She dipped her head, all regal acknowledgement, but Niall did not miss the tinge of pink that touched her cheeks.
“I am impressed, Lady Lindsay,” Firthwell said, his brows high. “Care to share anything else you learned?”
“Oh, I’m sure your lovely wife has more news to share than I do,” she said, with a flick of her fan.
“I do?” The viscountess blinked. “I am still quite new to this political game, so perhaps you would be kind enough to explain what I missed.”
Lady Lindsay chuckled, the husky sound threatening to tease a smile onto Niall’s face. “I assure you that you did not miss much. But if I can help you learn the sort of details and notions to listen for, please let me know.”
Lady Firthwell’s lips quirked up. “That is a kind offer, your ladyship, and I accept. I have fretted over whether I was doing enough to aid Finlay.”
The countess angled to face the other woman. “Then let us help each other. I have only been in London since my mourning period ended, so I have not yet made many friends. Perhaps by assisting you I can gain my first.”
Niall watched as the women continued their conversation, planning future dates, and he was struck that despite the countess’s amiable, polite manner, her pulse raced at the base of her throat. Was she nervous? Feeling unsure of herself? Lady Lindsay was new in town, and as a young widow without children, he wondered if she was lonely and looking for purpose.
His gaze traced over the sharpness of her cheekbones and the tilt to her chin that he wanted to call stubborn, but instead deemed confident. Despite any discomfiture she might feel, the countess seemed to size up the room and its occupants, taking their measure in a mere glance. She was formidable…and he was charmed.
Clenching his jaw, Niall looked away.
He didn’t have the time or inclination to be enchanted by the widowed Lady Lindsay. And if he were practical, and he always tried to be, she lacked the connections or funds that would make a deeper relationship between them beneficial. He had an election to win and reforms to champion, and he would do neither by dallying with a woman who could not aid his future.

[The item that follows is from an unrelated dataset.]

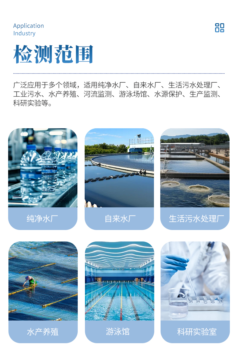 可以广泛应用于发电厂、纯净水厂、自来水厂、生活污水处理厂、饮料厂、环保部门、工业用水、制酒行业及制药行业、防疫部门、医院、化工产品等行业。

With that reminder of his duty, he executed a swift bow to both women. “Ladies, it was a pleasure, but I’m afraid I see Lord Matthews waving me over. Until next time.”
Niall swept away, determined to reclaim his focus and see to the task at hand.
Chapter Two
At the table in the breakfast room the following morning, Alicia idly stirred her tea while she read the morning’s paper, and her heart cheered when her eyes traced over the headline, “Slavery Abolished Across the Empire.”
Out of habit, she glanced up to the chair across the table from her. Lindsay’s chair. The seat that had sat empty for the last two years. The one she had been trained to look to when she wished to talk.
It felt like it was only yesterday when her maid had come rushing into her chambers to tell her the earl had not awoken from his sleep, yet to Alicia it was as if a thousand new days had dawned since she’d learned the news.
Their marriage had been born of desperate circumstances, and while she could never hate Lindsay for saving her from an awful fate, she had never loved him. But with a brevity born of time, Alicia could admit that the earl had inadvertently shaped the issues she now championed as a widow, and she had grown in confidence and poise during their marriage.
Despiteeverything, Alicia would be grateful.
“The post has arrived, your ladyship,” her butler, Jones, intoned quietly as he set a stack of letters at her elbow.
Alicia blinked back to the present. With a polite nod, she filtered through the stack absentmindedly, her eyes glazing over the various letters and sorting them with rote movements. Until she noticed a letter penned in elegant script.
Lady Firthwell had written her.
A smile curved Alicia’s mouth as she reflected on the quiet and serious viscountess with the warm laugh. Plucking the seal free with impatient fingers, she quickly read the letter. The young woman thanked Alicia for her kindness at the soiree the previous night and invited her to join her and Firthwell for dinner the night after next.
Alicia glanced up at Jones. “Please have my calendar brought down to me.”
The butler immediately slipped out the door to see to his task.
Alicia fiddled with Lady Firthwell’s letter as she watched traffic on the street outside. She had received several letters and invitations since her arrival to London, all from the wives of Lindsay’s old friends, but never had Alicia been this anxious to respond. She genuinely liked the viscountess, and saw so much of her younger self in the woman as she adjusted to her new role as a countess and political hostess.
Lindsay had never concerned himself with hosting political dinners whilst he was in Town, but he had expected her to play hostess for grand dinners at the family estate. Alicia had been forced to learn so many things on her own.
Alicia chewed her lip. Oh, she knew Firthwell’s sister was a duchess and no doubt would serve as a better tutor to the new viscountess than Alicia ever could, but a genial smile and friendly encouragement was never amiss. If that was all she could offer to help make Lady Firthwell’s transition smoother than her own, she’d do it happily.
And if the viscountess, as a patroness of Lord Inverray’s foundling home, could assist Alicia in her quest to learn about the marquess’s charitable activities, more the better.
Opening the nondescript notebook that sat at her elbow, Alicia spread the pages flat with the palms of her hands and studied the words she had written there the night before.